# [ASSIGNMENT]
Everything in the listing below should be repeated exactly, apart from the pictures.

# [SUPPLIED INFORMATION]
◆ ◆ ◆

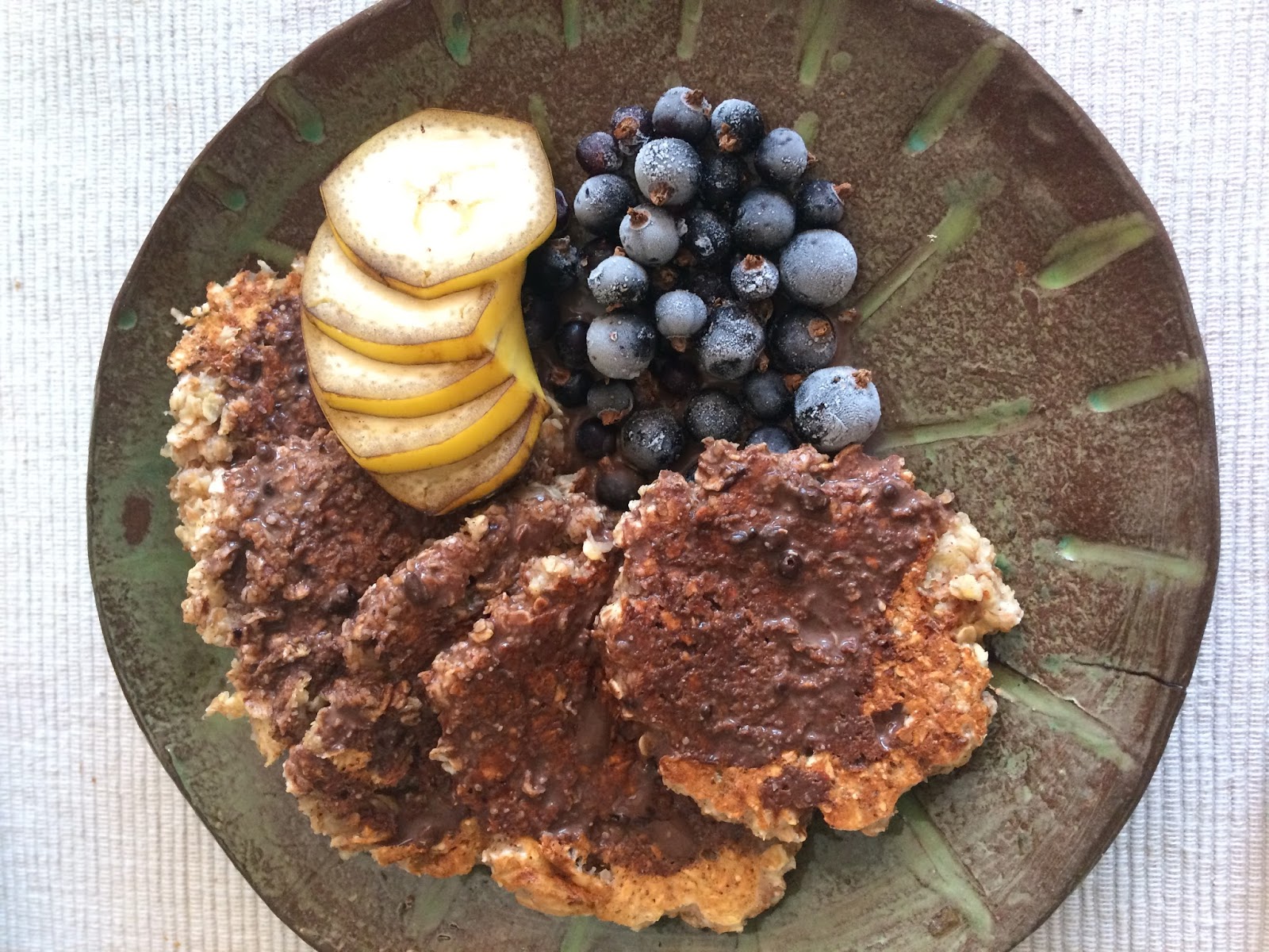 | Ovesné placky s ovocem přelité domácím čokoládovým krémem z burákového másla. |
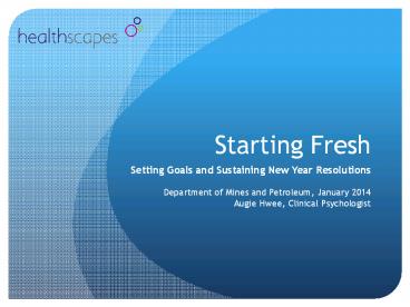 Starting Fresh Setting Goals and Sustaining New Year Resolutions Department of Mines and Petroleum, January 2014 Augie Hwee, Clinical Psychologist – PowerPoint PPT presentation
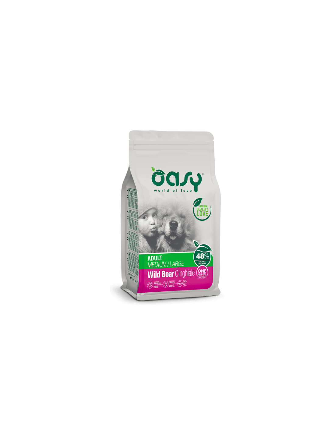 cinghiale fresco 30%, riso, cinghiale disidratato 15%, piselli, grasso animale, cinghiale idrolizzato 3%, polpa di barbabietola 3%, sostanze minerali, lievito di birra 1%, semi di lino, olio di pesce, inulina 1.000 mg/kg (fonte di fruttoligosaccaridi), zenzero, mannanoligosaccaridi 1.000 mg/kg, Yucca schidigera 170 mg/kg.

◆ ◆ ◆

# [REPLY]
 | Ovesné placky s ovocem přelité domácím čokoládovým krémem z burákového másla. |
 Starting Fresh Setting Goals and Sustaining New Year Resolutions Department of Mines and Petroleum, January 2014 Augie Hwee, Clinical Psychologist – PowerPoint PPT presentation
 cinghiale fresco 30%, riso, cinghiale disidratato 15%, piselli, grasso animale, cinghiale idrolizzato 3%, polpa di barbabietola 3%, sostanze minerali, lievito di birra 1%, semi di lino, olio di pesce, inulina 1.000 mg/kg (fonte di fruttoligosaccaridi), zenzero, mannanoligosaccaridi 1.000 mg/kg, Yucca schidigera 170 mg/kg.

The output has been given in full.